When she decided to get a job, she rejected a tempting offer from a company that had just been set up in her recently created country in favor of a job at the public library, where you didn’t earn much money but where you were secure. She went to work every day, always keeping to the same timetable, always making sure she wasn’t perceived as a threat by her superiors; she was content; she didn’t struggle, and so she didn’t grow: All she wanted was her salary at the end of the month.

She rented the room in the convent because the nuns required all tenants to be back at a certain hour, and then they locked the door: Anyone still outside after that had to sleep on the street. She always had a genuine excuse to give boyfriends, so as not to have to spend the night in hotel rooms or strange beds.

When she used to dream of getting married, she imagined herself in a little house outside Ljubljana, with a man quite different from her father—a man who earned enough to support his family, one who would be content just to be with her in a house with an open fire and to look out at the snow-covered mountains.

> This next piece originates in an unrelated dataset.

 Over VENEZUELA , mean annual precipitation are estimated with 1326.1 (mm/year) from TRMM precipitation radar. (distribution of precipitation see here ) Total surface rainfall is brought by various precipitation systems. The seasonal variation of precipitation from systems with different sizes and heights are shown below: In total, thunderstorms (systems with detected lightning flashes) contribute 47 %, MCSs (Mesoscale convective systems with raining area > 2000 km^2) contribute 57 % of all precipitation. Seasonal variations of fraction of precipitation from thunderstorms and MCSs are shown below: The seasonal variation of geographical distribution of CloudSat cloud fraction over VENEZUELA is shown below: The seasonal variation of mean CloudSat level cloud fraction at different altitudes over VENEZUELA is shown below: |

She had taught herself to give men a precise amount of pleasure; never more, never less, only what was necessary. She didn’t get angry with anyone, because that would mean having to react, having to do battle with the enemy and then having to face unforeseen consequences, such as vengeance.

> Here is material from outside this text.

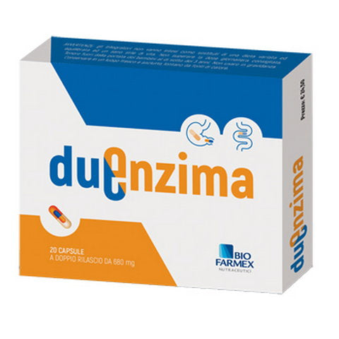 DUENZIMA Descrizione Integratore alimentare di enzimi digestivi. Ingredienti Lipasi, amilasi, glucoamilasi, alfa-galattosidasi, proteasi 3.0, proteasi 6.0, proteasi neutre, proteasi 4.5. olio di girasole, gelatina, biossido di titanio, ossido di ferro, idrossipropilmeticellulosa, gomma di gellano. Caratteristiche nutrizionali Ingredienti per 1 capsula Capsula esterna Capsula interna Totale Lipasi 13,3 mg (4.000 FIP) 45,5 mg (9.000 FIP) 58,8 mg (13.000 FIP) Amilasi 21,5 mg (2.150 DU) 30 mg (4.500 DU) 51,5 mg (6.650 DU) Glucoamilasi 13,8 mg (14 AGU) 26,7 mg (12 AGU) 40,5 mg (26 AGU) Alfa-galattosidasi - 12,5 mg (125 GaIU) 12,5 mg (125 GaIU) Proteasi 4.5 3,9 mg (3.120 HUT) 1,7 mg (1.000 HUT) 5,6 mg (4.120 HUT) Proteasi 3.0 7,5 mg (15 SAPU) - 7,5 mg (15 SAPU) Proteasi 6.0 - 6 mg (3.000 HUT) 6 mg (3.000 HUT) Proteasi batteriche neutre - 4 mg (3.000 PC) 4 mg (3.000 PC) Modalit? d'uso Assumere 1-2 capsule prima dei pasti principali. Avvertenze Gli integratori non vanno intesi come sostituti di una dieta variata ed equilibrata ed un sano stile di vita. Non superare la dose giornaliera consigliata. Tenere fuori dalla portata dei bambini al di sotto 3 anni. In gravidanza e allattamento assumere sotto il controllo del medico. Conservazione Conservare in luogo fresco e asciutto, lontano da fonti di calore. Validit? a confezionamento integro: 24 mesi. Formato Confezione contenente 20 capsule a doppio rilascio da 680 mg. Peso netto: 13,6 g

When she had achieved almost everything she wanted in life, she had reached the conclusion that her existence had no meaning, because every day was the same. And she had decided to die.

Veronika went back in and walked over to the group gathered in one corner of the room. The people were talking animatedly but fell silent as soon as she approached.

She went straight over to the oldest man, who seemed to be the leader. Before anyone could stop her, she gave him a resounding slap in the face.